Usually the cause of a general aviation accident is apparent, or at least can be determined through investigation. But recently the NTSB posted probable causes in two accidents involving piston twins where the Board essentially says we can see what happened but we don’t have any idea why it happened.
The first accident involved a Piper Aztec. The sturdy Piper twin was maintained to the appropriate standards and had about 6,000 hours total time. Not a lot of time for an Aztec.
The weather was a typical Texas summer day with temperature at 90 degrees, scattered clouds at 5,000 feet, wind about 10 knots and visibility of 10 or more miles.
The commercial pilot also held a CFI and had more than 900 hours of total experience. He had recently earned his multi rating and had logged just over 39 hours in twins, but since both engines operated normally during the accident multi experience doesn’t seem to be an issue.
There was absolutely nothing remarkable about the conditions for the VFR flight from Houston Hooks to Tyler. But as the Aztec flew over Lake Palestine near Bullard people on the ground saw the piston twin roll into “several turns” while flying thousands of feet above the surface. The report doesn’t mention how steeply banked the turns were, but the witnesses then saw the Aztec pitch nose up and then head straight down.

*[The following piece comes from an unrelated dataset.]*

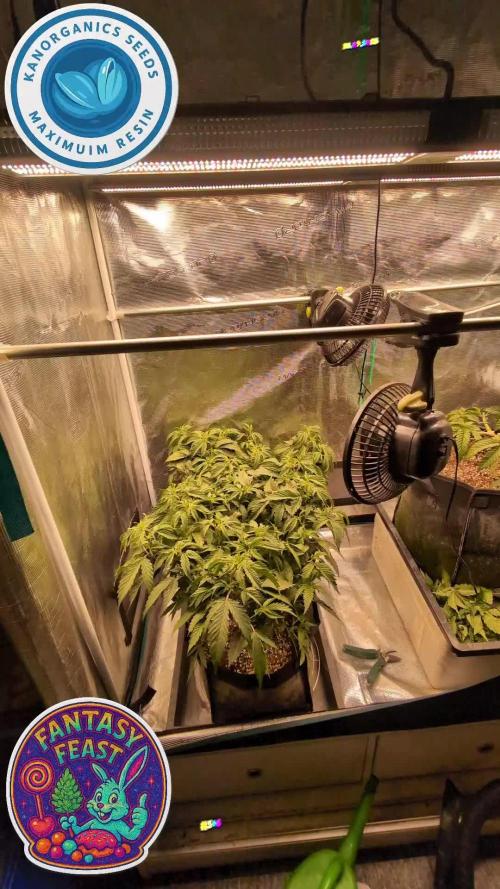 This two were part of another diary and got moved out due to space reasons at VW8 and moved back indoors at VW20 https://growdiaries.com/diaries/218151-auto-god-s-glue-grow-journal-by-yan402 13.09.25 VW21 Both are looking good and are developing tighter nodes than when they were outside, I'm going to have to keep cutting them back every once and a while I also applied nematodes against thrips and fungus gnats. 20.09.25 VW22 some spots and some yellow leafs, I think it's a root problem, probably root bound, but both seem healthy and are getting thicker so maybe just top up with Coco coir and give a slight different nutrient schedule less Tri Part Bloom could do the trick MAYBE lol. 🌱💦🌱💦🌱💦🌱💦🌱💦🌱 Day to day tasks & actions 🌿 🌱💦🌱💦🌱💦🌱💦🌱💦🌱 27.09.25 VW22 – Fed 3l of #1 → 2l runoff (*RUNOFF reused for tomato plants) 🍶💧🍶💧🍶💧🍶💧🍶 💧 Nutrients in 30L #1 🍶💧🍶💧🍶💧🍶💧🍶 💧 TriPart Micro: 10ml = 0.33ml/L 🍶 TriPart Grow: 0ml = 0.00ml/L 💧 TriPart Bloom: 10ml = 0.33ml/L 💧 Cal-Mag: 60ml = 2.00ml/L 🍶 Home-made FFJ/FPJ (new batch): 30ml = 1.00ml/L 💧 pH Down: Citric acid (BuxXtrade) — adjust to ~pH 6.0 📦 TOTAL: 120ml per 30L 🔬 4.00ml/L 🍶💧🍶💧🍶💧🍶💧🍶 ⚙️✂️⚙️✂️⚙️✂️⚙️✂️⚙️ ✂️ Tools & equipment ✂️ ⚙️✂️⚙️✂️⚙️✂️⚙️✂️⚙️ ✂️ 2× MarsHydro SP3000 ⚙️ MarsHydro 150mm ACF Ventilator ✂️ Trotec dehumidifier (big unit) ⚙️ Mini no-name dehumidifier ✂️ Kebab skewers (LST – stainless) ⚙️ Wire + roast skewers (LST assist) ✂️ Scissors (HST) ⚙️ Vacuum (for spills & cleanup) ✂️⚙️✂️⚙️✂️⚙️⚙️✂️⚙️✂️⚙️✂️⚙️ 🍒🍭🍬🌈🍒🍭🍬🌈🍒🍭🍬🌈🍒 🦄Fantasy Feast ( Seeds)🦄 🌈🍒🍭🍬🌈🍒🍭🍬🌈🍒🍭🍬🌈🍒 Species: Hybrid (Regular) Genetics: The mother is Unicorn Whip by Dirty Bird Genetics. The father is Charcuterie by Cannarado Genetics. Effect: Unknown Mixed effect body and head high Flavor: Some phenos are Skunky gassy fruity, some are fruity sour citrus with a chemical touch and a touch of skunk Flowering: Estimated 8–10 weeks Resistance: Strong — Testing phase done

The really odd aspect of the accident is that the Aztec was heading straight down without its wings. Investigators found that both wings failed symmetrically in positive overload. There was no evidence of metal fatigue, cracks or corrosion that could have caused the failure. Somehow the pilot had literally pulled the wings off the Aztec in good VFR weather with no reason to believe there was significant turbulence.

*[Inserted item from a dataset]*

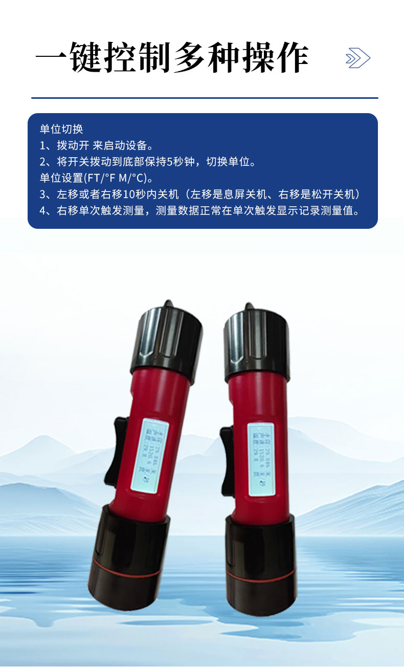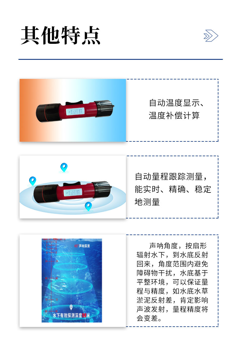 【产品简介】一、一体式水深水温仪工作原理声波在空气中速度为340米/秒,在水中为1500米/秒左右。声波在水下往返750米正好是1秒钟,测量声波的往返时间,可以计算水下目标深度。超声波是频率高···

The Aztec is certified in the normal category so its structural limit load is 3.8 Gs positive. During certification the Aztec was tested to that loading and showed no deformation of the structure. It was then tested to ultimate load of 5.7 Gs and probably suffered some skin wrinkling or other stress but did not break.
That’s a lot of Gs. A level 60 degree bank turn only loads an airframe to about 2 Gs. Unless the Aztec had accelerated well beyond its design maneuvering airspeed (Va) it would probably be impossible to load more than 5.7 Gs without stalling it. But witness did not report seeing the airplane in a dive before it pitched up and the wings failed.
Control flutter was a possibility but the elevator, stabilizer, fin and rudder all reached the ground in one piece and showed no evidence of any flutter or other failure. The NTSB’s probable cause finding is that the pilot exceeded the structural limits of the airplane which is as obvious and meaningful as also pointing out that the crash was caused by the airplane hitting the ground.
The other piston twin accident mystery involved a Beech Duke departing Sedona in the Arizona Red Rock country. Sedona’s runway is on a plateau with an elevation of 4,830 feet. It was a warm day creating a density altitude of 7,100 feet.
Anyone who has ever flown the sleek turbocharged and pressurized Duke knows that it looks fast just sitting still, but is pretty much of a slug on takeoff with modest at best initial acceleration. But when the NTSB worked the performance numbers it found that the Duke should have lifted off after using 2,805 feet of the Sedona runway, despite the high density altitude. The POH also showed that the Duke could have accelerated to rotation speed, and then aborted the takeoff and stopped in a total distance of 4,900 feet. The Sedona runway is 5,132 feet long.
For some reason the Duke never rotated, and the pilot made no apparent attempt to abort the takeoff. The Duke, with engines sounding at full power, went off the end of the runway dropping off into a deep gully where it caught fire and killed the three people onboard.
Several witnesses, mostly pilots, watched the accident unfold. All agreed the engines sounded normal and like they were making full power. Some said the airplane was moving fast, others said acceleration slowed about half way down the runway. None saw any attempt by the pilot to raise the nose.
The private pilot was not highly experienced but had more than 600 hours total, more than 100 hours of multi time, and more than 60 hours in the Duke. He had attended initial and recurrent simulator training for the Duke and his instructors told investigators he had been very attentive, knew the airplane and its systems well, and was a good student.
What comes immediately to my mind is that the gust lock may have been in the controls. But the lock was found in the cabin, not the cockpit, and the holes in the control column where the lock pins the column were not deformed.
Examination and testing of the engines, propellers and other components didn’t reveal any reason the Duke wasn’t making full power confirming witness reports of the sound of the engines.
At least the NTSB is forthright in its probable cause finding on this one. It reported that it just doesn’t know why the pilot didn’t raise the nose of the Duke or abort the takeoff. Both accident causes remain mysteries.